Medium Gluten-Free Verified gluten free
Prep: 15 min Cook: 30 min Total: 45 min Serves: 4

At a glance: This medium dinner recipe yields 4 servings in about 45 minutes (15 min prep, 30 min cook). It uses 13 ingredients — including sea scallops, olive oil, shallot — and walks through 7 steps. Updated . Browse more dinner recipes or return to all gluten-free recipes.

Gluten-Free Scallop Risotto — dinner recipe, serves 4

Cross-Contamination Warning for Gluten-Free Scallop Risotto: When preparing this dinner recipe, commercial broths and stocks are high risk — many contain yeast extract (often barley-derived), wheat starch, or caramel colour from wheat. Use certified GF stock (Pacific Foods Organic GF, Swanson Natural Goodness) or make your own.

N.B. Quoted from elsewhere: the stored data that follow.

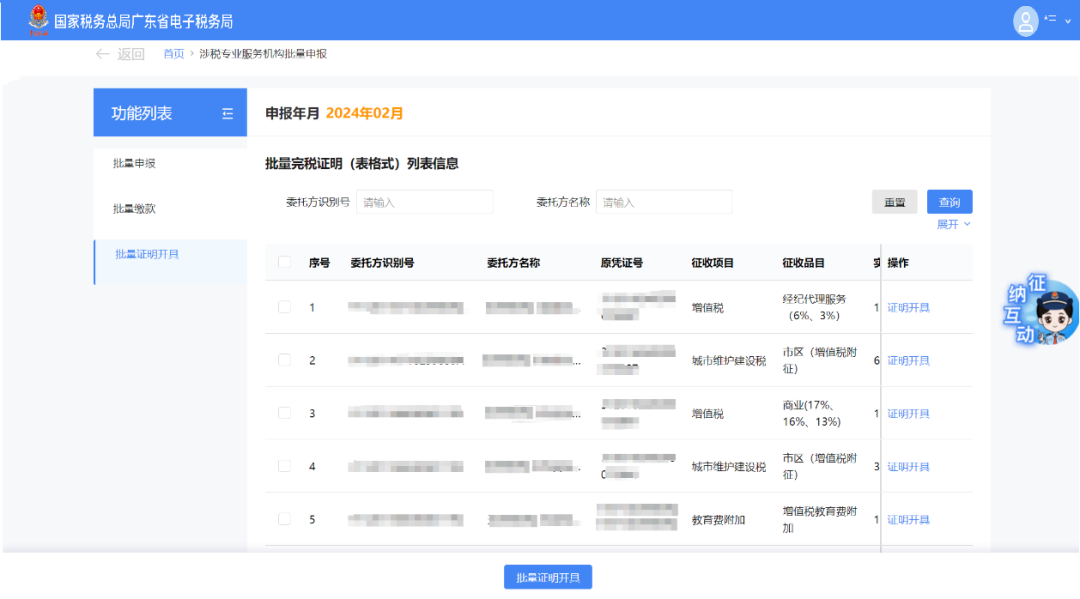 11)点击“批量证明开具”,可以批量开具税收完税证明。
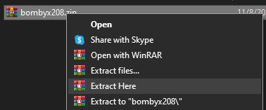 Make sure to remove (delete) any previously installed versions of Bombyx before copying the new version.
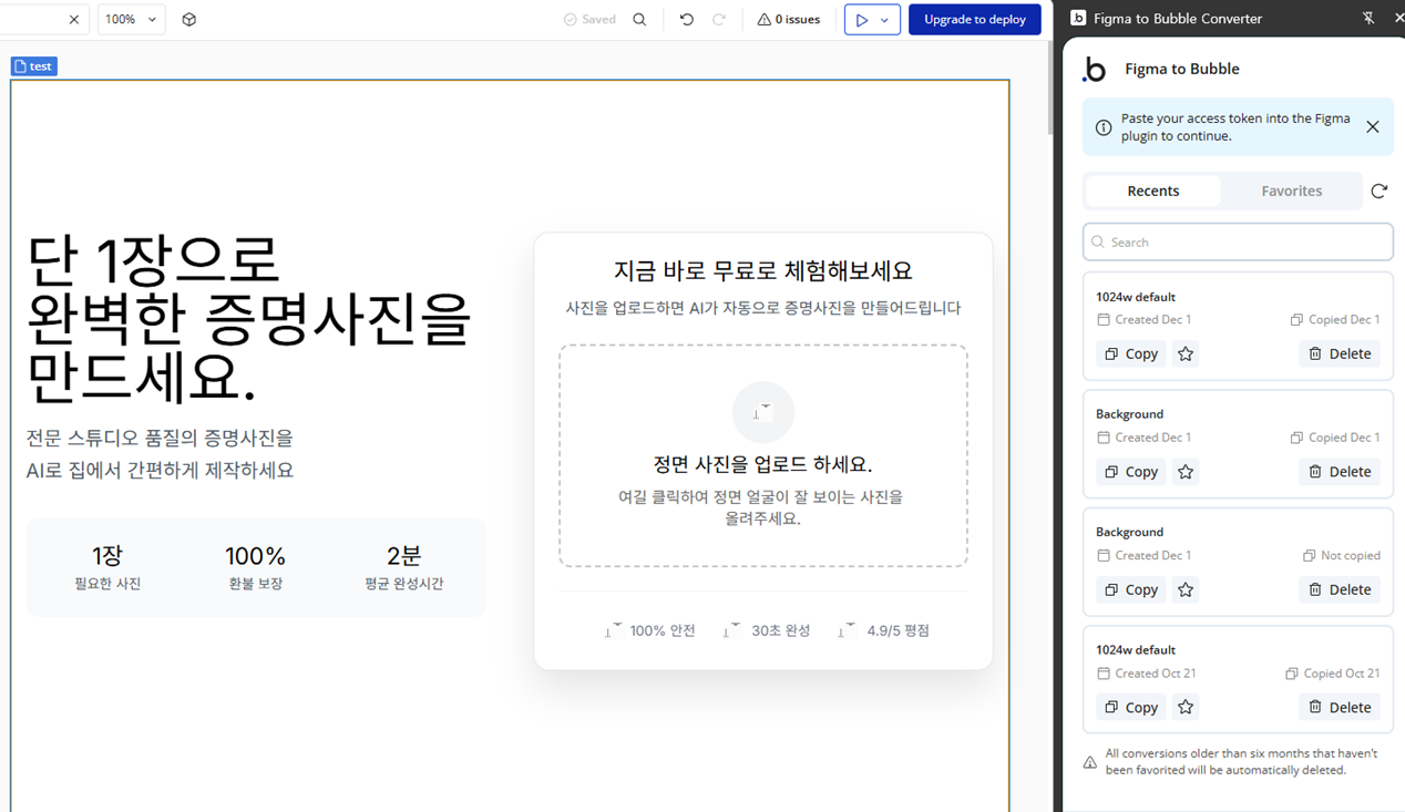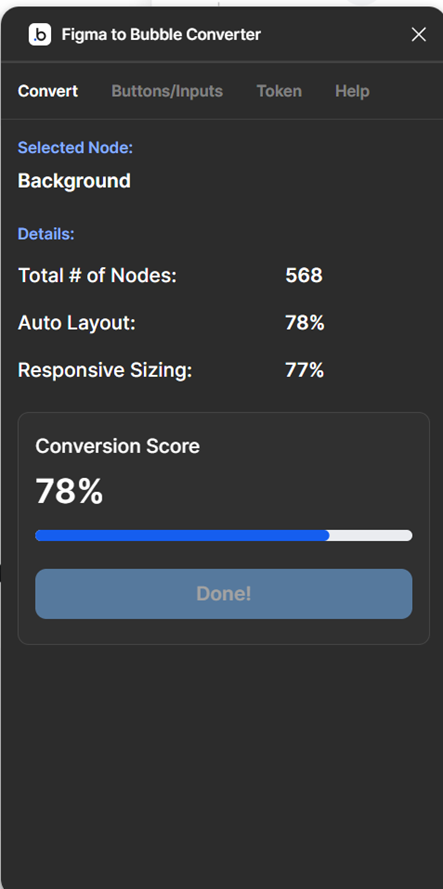 AI가 만든 HTML/CSS 코드를 Bubble 디자인으로 자동 변환해주는 플러그인입니다.
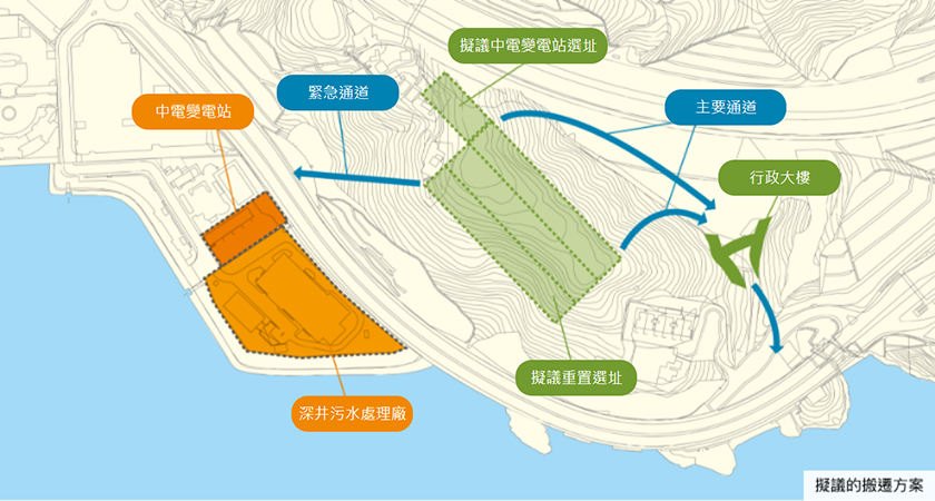 建議搬遷的地點座落於青山公路–深井段及屯門公路之間的山坡,擬議的搬遷工程包括挖掘岩洞、於岩洞內興建污水處理廠及中電變電站(如適用)、隧道進出口及緊急通道。
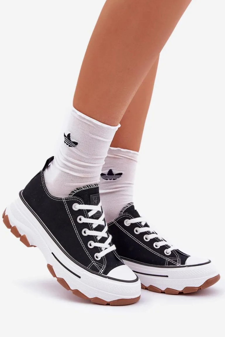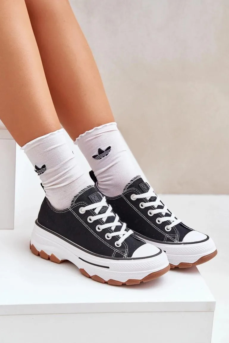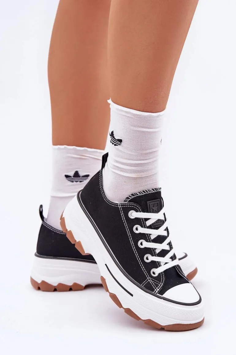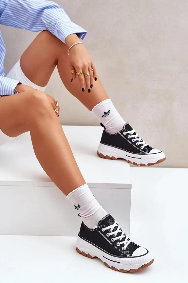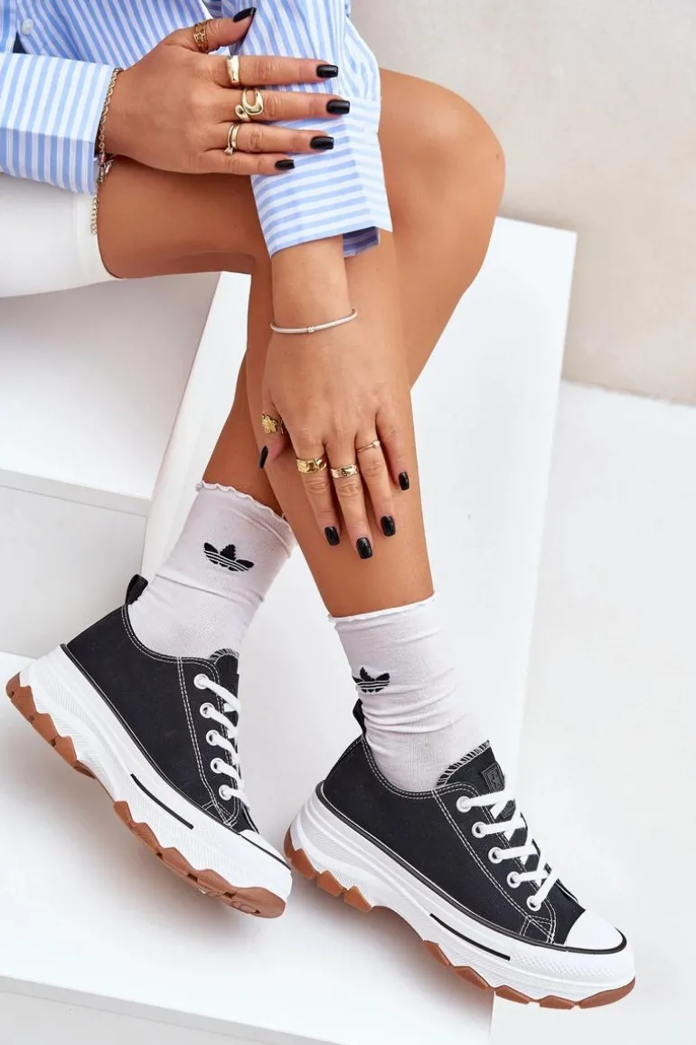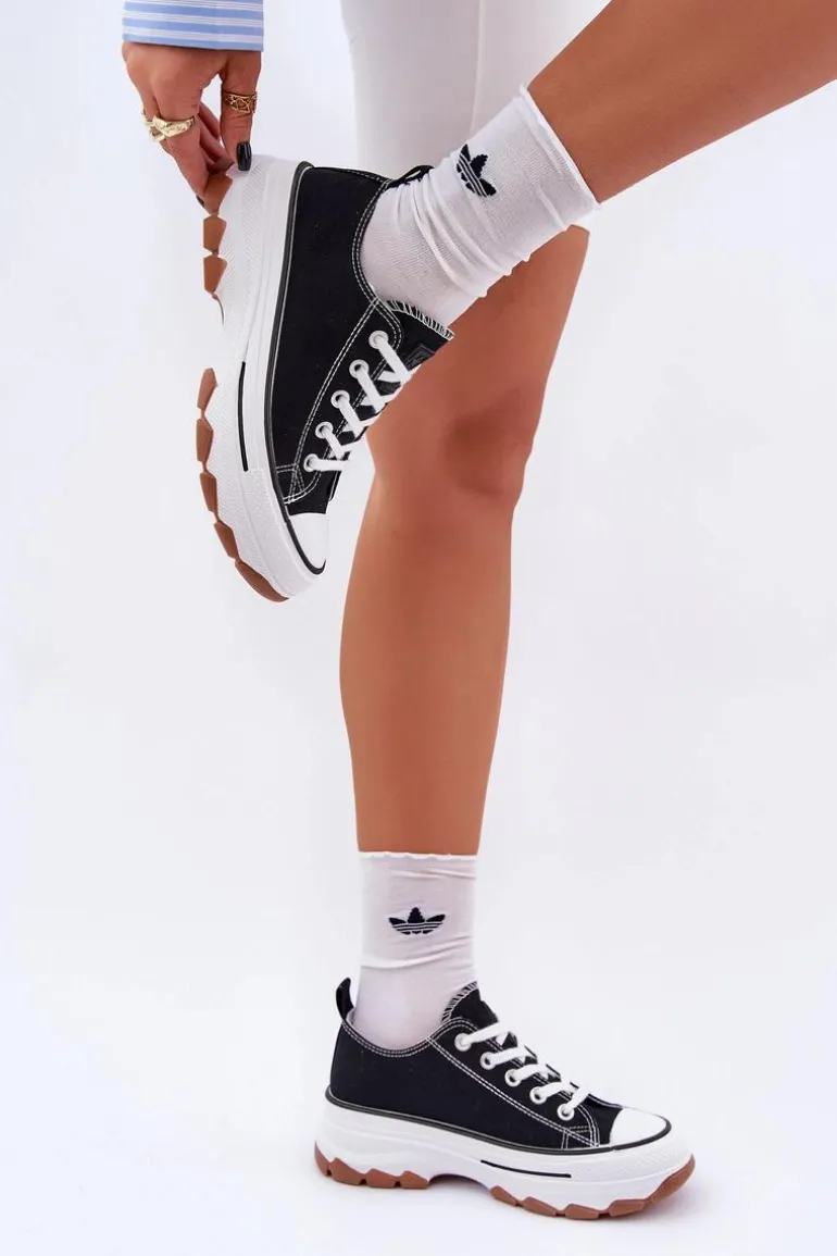 Niskie Trampki Damskie Na Platformie Czarne Aradwin
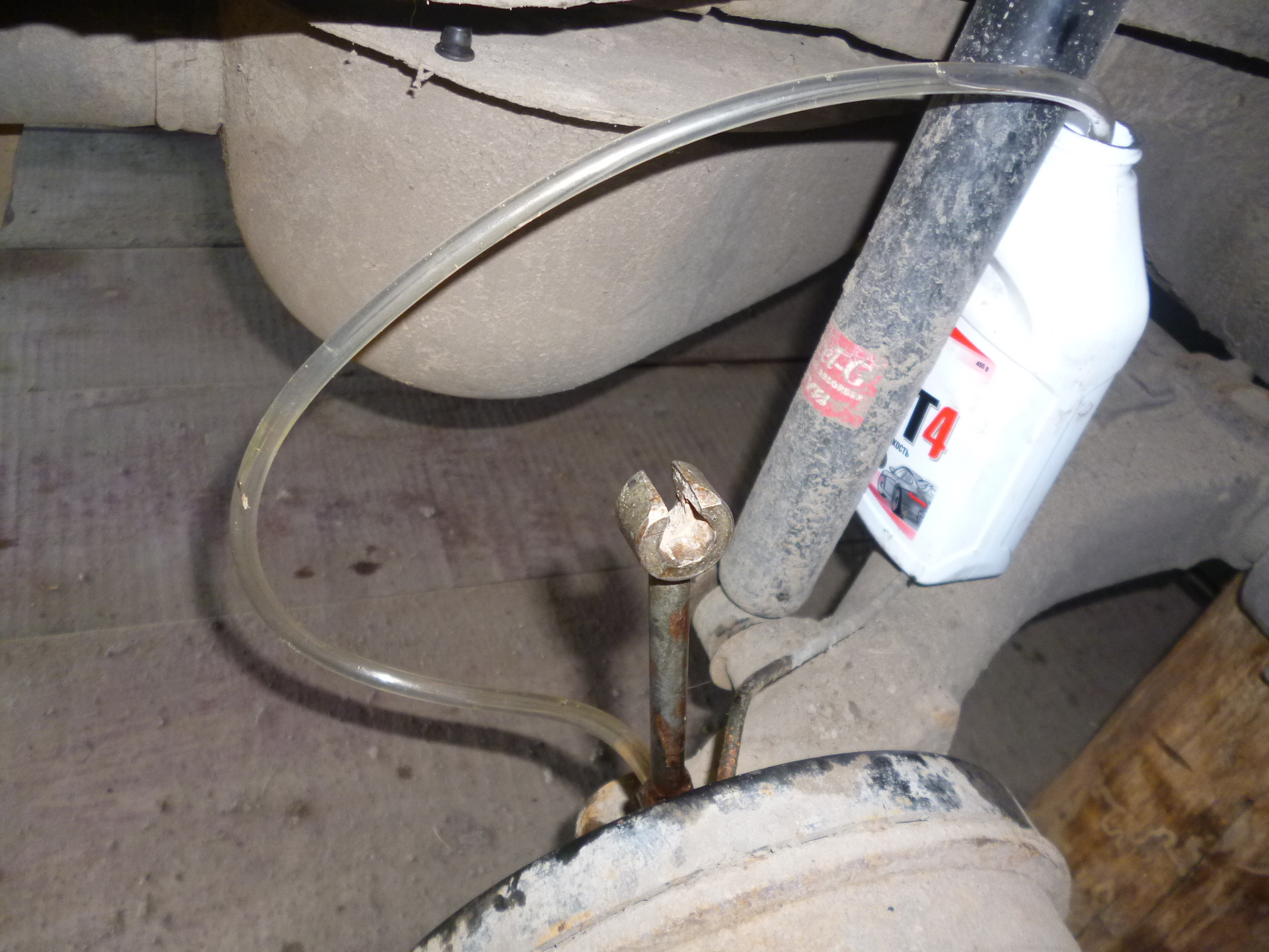 Обязательно перед началом всех работ тщательно очистите их от накопившейся грязи. После чего снимите защитный резиновый колпачок и наденьте небольшой отрезок в шланги. Идеально подойдет трубка, которая используется в системе очистки ветрового стекла. Также вам потребуется небольшая баночка, в которую налейте небольшое количество тормозной жидкости. 50-100 грамм будет вполне достаточно.
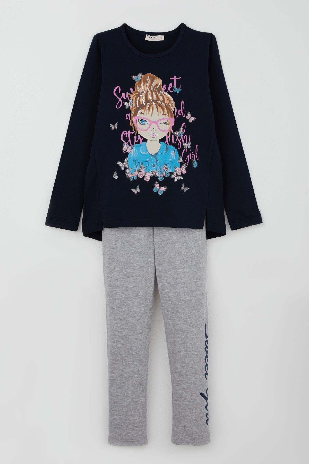 Breeze Kız Çocuk Tatylı Takım Kelebekli Kız Baskılı Lacivert (5-10 Yaş)
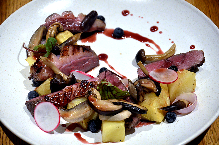 法式鸭胸佐果香红酒酱,摆盘很漂亮,多种食材搭配的乱中有序,鸭胸嫩而有嚼劲,蘸上果香红酒酱吃,更是有滋有味。
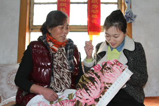 鞠珊和婆婆一起绣十字绣。
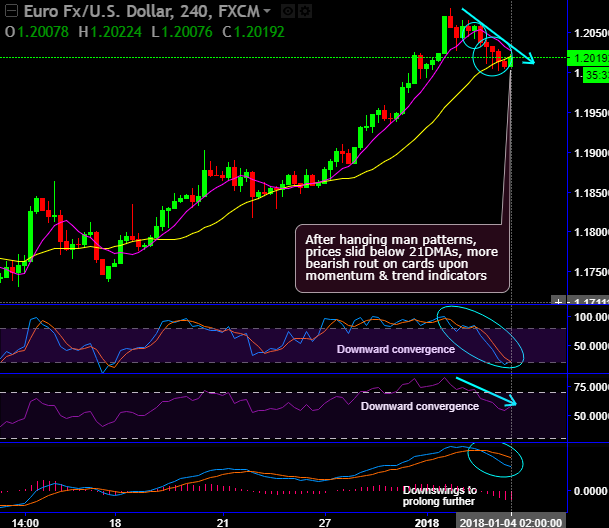 Hanging man pattern candles have occurred at 1.2044, 1.2058, 1.2032, and 1.2027 levels on EURUSD intraday plotting. After these bearish patterns, consequently, the prices slid below 21DMAs, more bearish rout on cards upon momentum & trend indicators.
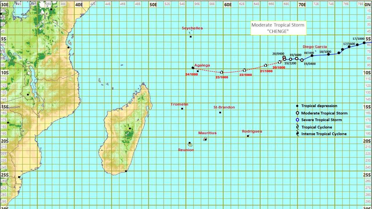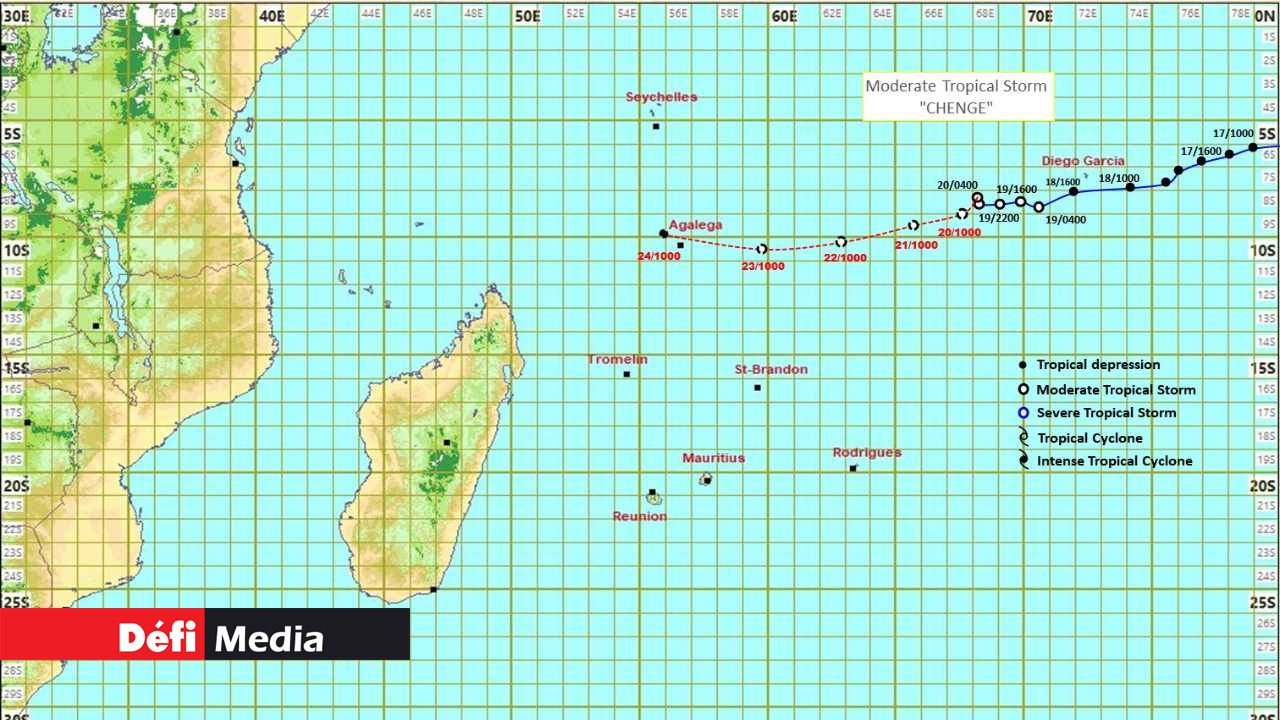 À 04h00 ce lundi 20 octobre, la tempête tropicale modérée “Chenge” était centrée à environ 1 280 km à l’est-nord-est d’Agalega. Elle se déplace actuellement vers l’ouest-sud-ouest à une vitesse d’environ 10 km/h, se rapprochant ainsi d’Agalega.
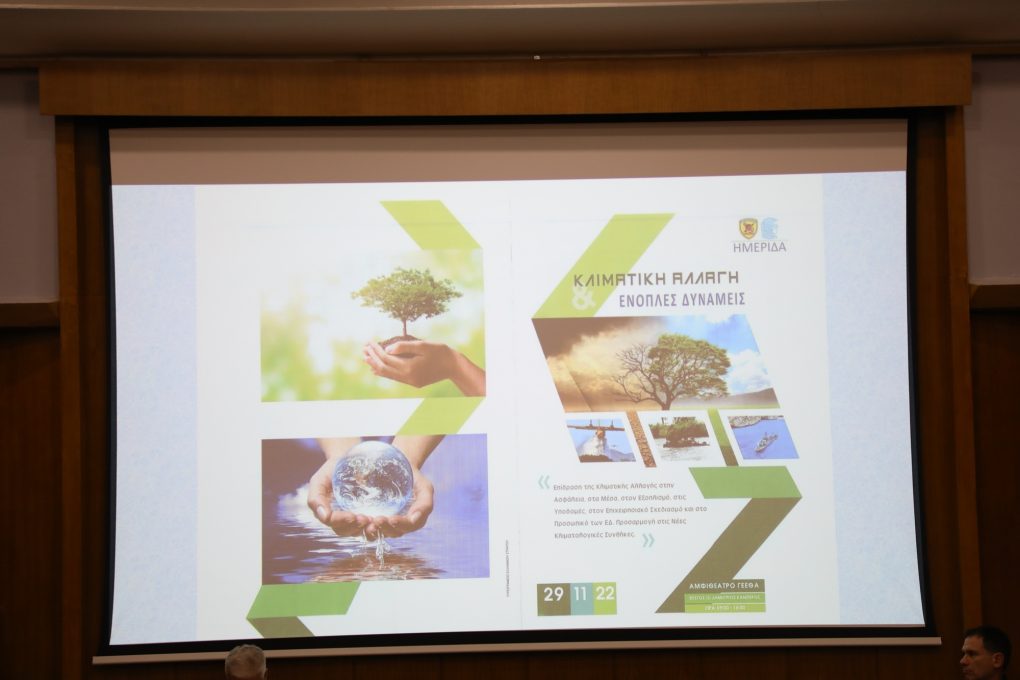 «Είναι ιδιαίτερη η τιμή και η χαρά μου, να παρευρίσκομαι στη σημερινή ημερίδα, μια σημαντική δράση για την Κλιματική αλλαγή, το περιβάλλον και την προσαρμογή των Ενόπλων Δυνάμεων στις νέες συνθήκες, η οποία οργανώνεται για πρώτη φορά στο Υπουργείο Εθνικής Άμυνας με τη συμμετοχή του Εθνικού και Καποδιστριακού Πανεπιστημίου. Μια δράση επίκαιρη και συνάμα αναγκαία, η οποία ξεκίνησε με πρωτοβουλία του ΓΕΕΘΑ και υλοποιείται, ακολουθώντας τις αρχές της συνέχειας και της συνέπειας, με τις οποίες πορευόμαστε.
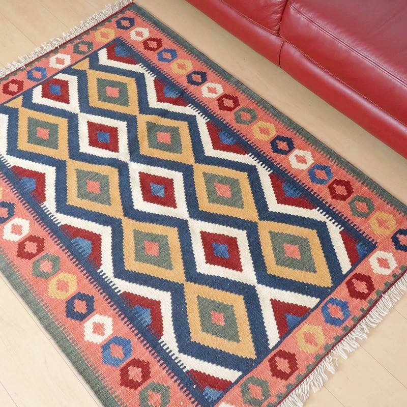 ペルシャ(イラン)産のキリムは、1_飽きのこないデザイン、2_いつの時代もあらゆるインテリアに馴染む、3_モダンで芸術性の高い図柄、として世界各国で、愛用され、それゆえ模倣もされています。図柄の美しさはもちろん、長い歴史に培われてきた製法や織りのテクニックの完成度は、世界最高峰。本物志向の方、違いの分かる方に愛されています。
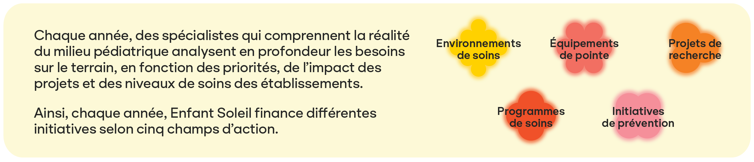 Enfant Soleil appuie plus d’une centaine d’établissements de santé à travers la province en plus d’offrir un soutien indispensable aux quatre grands centres pédiatriques, qui offrent des soins spécialisés et surspécialisés accessibles à tous les enfants qui en ont besoin.

Use tamari (not regular soy sauce) — San-J Tamari and Kikkoman GF Tamari are reliable. Double-check labels even on tamari, as some formulations include wheat. In a shared kitchen, avoid porous materials — wooden spoons, wooden cutting boards, and scratched non-stick pans can harbor gluten proteins even after washing. Prefer glass, metal, or silicone tools. Stock often contains yeast extract or barley derivatives; use only certified gluten-free stock.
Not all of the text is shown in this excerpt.